Okay, this blog usually concentrates on things in Hawaii that we find appealing and want to share with you to enhance your vacation.

What follows, however, is a discussion of the dreaded box jellyfish you may encounter, depending on which island you’re on, which side of the island you’re on, and the time of the lunar month.

The sting of box jellyfish that visit Hawaii’s waters is very painful and can even cause anaphylactic shock in some people. The things regularly swarm to Hawaii’s Leeward shores nine or ten days after the full moon.

Even more of a villain is the Portuguese man of war whose body consists of a gas-filled (mostly nitrogen), bladder-like float, a translucent structure tinted pink, blue, or violet that may be three to 12 inches long and may extend as far as six inches above the water. Under the float are clusters of polyps, from which hang long tentacles … really long tentacles. Their stings hurt a whole lot compared to those of the box jellyfish.

Signs will be posted if either box jellyfish or man of wars are in the neighborhood where you plan to swim. It’s a good idea to stay out of the water when they are posted. Man of wars can be detected well before they reach shore, and the arrival of the box jellyfish is completely predictable, so the postings are always timely.

If you should get stung, painful though it may be, don’t get excited. Here’s what to do:

  • Pick off any visible tentacles with a glove on your hand. It’s unlikely that you’ll have a glove handy, so use a stick, or anything else that’s handy, being
 careful to avoid further injury.
  • Rinse the stung area liberally with either sea water or fresh water to remove any tentacles that may be stuck
 to the skin. This can be from a spray bottle or in a beach shower. Do not apply
 vinegar. That used to be a popular remedy, but studies show that vinegar in these stings sometimes makes the sting
  • Put some ice on it to control the pain.
  • If eyes are affected, irrigate them with lots of room-temperature tap water for at least 15 minutes. If vision blurs, or the eyes continue to tear, hurt, swell, or are
 light-sensitive after irrigating, see a doctor.
  • If you experience persistent itching or skin rash, try a 1% hydrocortisone ointment four
 times a day, and one or two 25 milligram Benadryl tablets every six hours.

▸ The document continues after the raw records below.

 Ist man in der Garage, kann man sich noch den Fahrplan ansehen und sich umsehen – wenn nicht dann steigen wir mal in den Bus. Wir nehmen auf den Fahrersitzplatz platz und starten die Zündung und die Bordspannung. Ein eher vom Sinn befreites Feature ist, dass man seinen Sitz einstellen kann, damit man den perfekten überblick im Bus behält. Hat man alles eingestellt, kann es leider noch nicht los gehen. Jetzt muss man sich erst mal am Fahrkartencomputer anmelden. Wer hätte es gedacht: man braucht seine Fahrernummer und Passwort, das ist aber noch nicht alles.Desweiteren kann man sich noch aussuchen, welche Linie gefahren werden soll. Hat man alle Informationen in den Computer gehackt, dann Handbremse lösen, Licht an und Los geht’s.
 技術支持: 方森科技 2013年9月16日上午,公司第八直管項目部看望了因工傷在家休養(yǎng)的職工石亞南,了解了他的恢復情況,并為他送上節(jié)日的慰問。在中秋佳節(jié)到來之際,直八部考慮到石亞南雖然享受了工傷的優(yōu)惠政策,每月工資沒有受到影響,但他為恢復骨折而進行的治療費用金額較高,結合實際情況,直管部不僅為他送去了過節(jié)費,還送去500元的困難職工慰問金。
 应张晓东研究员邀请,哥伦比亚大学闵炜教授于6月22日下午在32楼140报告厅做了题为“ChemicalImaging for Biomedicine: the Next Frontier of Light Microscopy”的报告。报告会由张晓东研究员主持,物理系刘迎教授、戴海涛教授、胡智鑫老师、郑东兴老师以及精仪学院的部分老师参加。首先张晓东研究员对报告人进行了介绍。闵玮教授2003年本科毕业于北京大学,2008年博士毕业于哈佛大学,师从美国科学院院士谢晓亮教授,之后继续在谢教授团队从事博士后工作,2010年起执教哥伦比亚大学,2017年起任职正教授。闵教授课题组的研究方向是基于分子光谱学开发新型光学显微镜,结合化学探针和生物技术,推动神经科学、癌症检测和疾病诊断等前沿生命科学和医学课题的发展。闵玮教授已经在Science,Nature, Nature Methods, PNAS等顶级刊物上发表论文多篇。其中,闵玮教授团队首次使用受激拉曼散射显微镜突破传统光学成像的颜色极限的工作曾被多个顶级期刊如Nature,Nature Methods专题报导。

This wasn’t meant to alarm you or to make you wary of those creatures every time you enter the water, but they are occasional nuisances you should know about.


  1. I’m wondering about your advice to apply ice to control the pain–is this something that differs for stingrays and jellyfish? I ask because, while I’ve never had a bad jellyfish sting, I did step on a ray once in Mexico. Not fun! After my wife half carried me down a mile of deserted beach back to our rental I was about to apply ice, when the owner of the place stopped me. He said ice might just make the pain worse–instead I should soak my foot in the hottest water I could stand. I did, and the pain relief was tremendous, and immediate! Maybe the worst had already passed by that point, but at any rate the response was simply amazing.
    Kanaloa at Kona

  2. Thanks for sharing this post. Nice pic.You can find jelyfish in Phang Na, Koh Mak. Great Barrier in Australia which is a prime tourist magnet is closed for swimming during the months from November and May due to this menace with some places having special safety nets that are kept open. There are many beaches like north Catalonia beaches, Ala Moana Beaches in Hawaii, Oahu beaches.